I continued writing and also translating poetry. I received a grant from Columbia University’s PEN Center to translate immigrant poetry. I then started work on an MFA in Translation. My adviser was Daniel Weissbort, who had translated Nobel Prize writers.

I also became a mother…..to Franz. I began to write children’s stories and received encouragement from a number of editors. But it was hard to do everything — be a mother, complete a degree, translate, and write. When I started my Ph.D. — first in literature, then switching to an interdisciplinary one — I stopped writing and translating.

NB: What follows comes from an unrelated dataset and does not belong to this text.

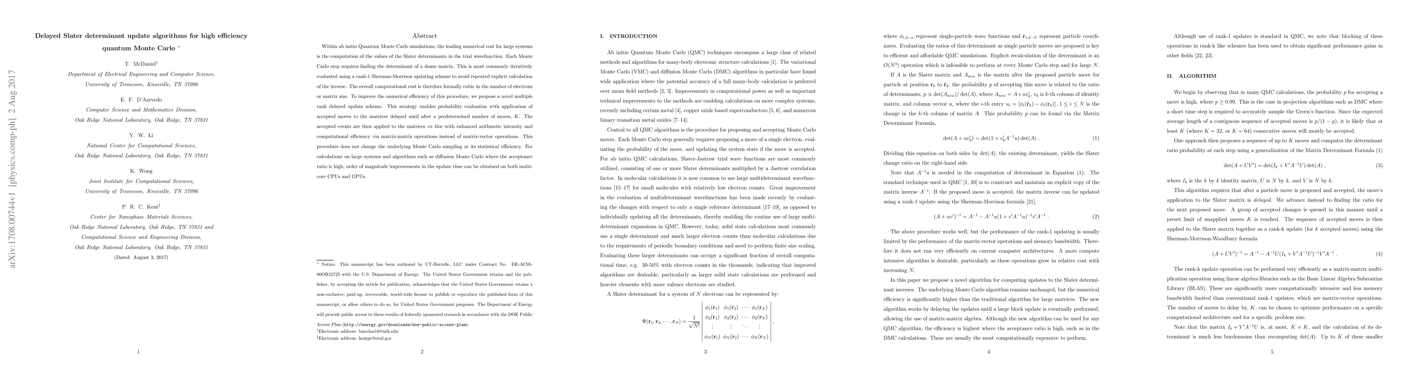 This paper proposes a novel multiple rank delayed update scheme to improve the efficiency of Slater determinant computations in Quantum Monte Carlo simulations, significantly reducing update time through matrix-matrix operations instead of matrix-vector operations, without affecting statistical efficiency. This method achieves substantial performance gains for large systems and high acceptance ratios.

I earned my Ph.D. in 1992, with concentrations in history, sociology, literacy and children’s literature, and international education. What an assortment! I then went to Memphis to teach at a university. I learned so much there! In 1995, I was hired at Purdue. There I taught history courses mostly in Educational Studies. Since then I have published a number of history books.

In 2000, after earning tenure, I returned to writing poetry. Yes, I love both creative and scholarly writing! I have also returned to writing for children, mostly picture books. My love of history continues here, too, in writing biographies, some based on my earlier research. The act of writing — history, poetry, or children’s stories — makes me incredibly happy!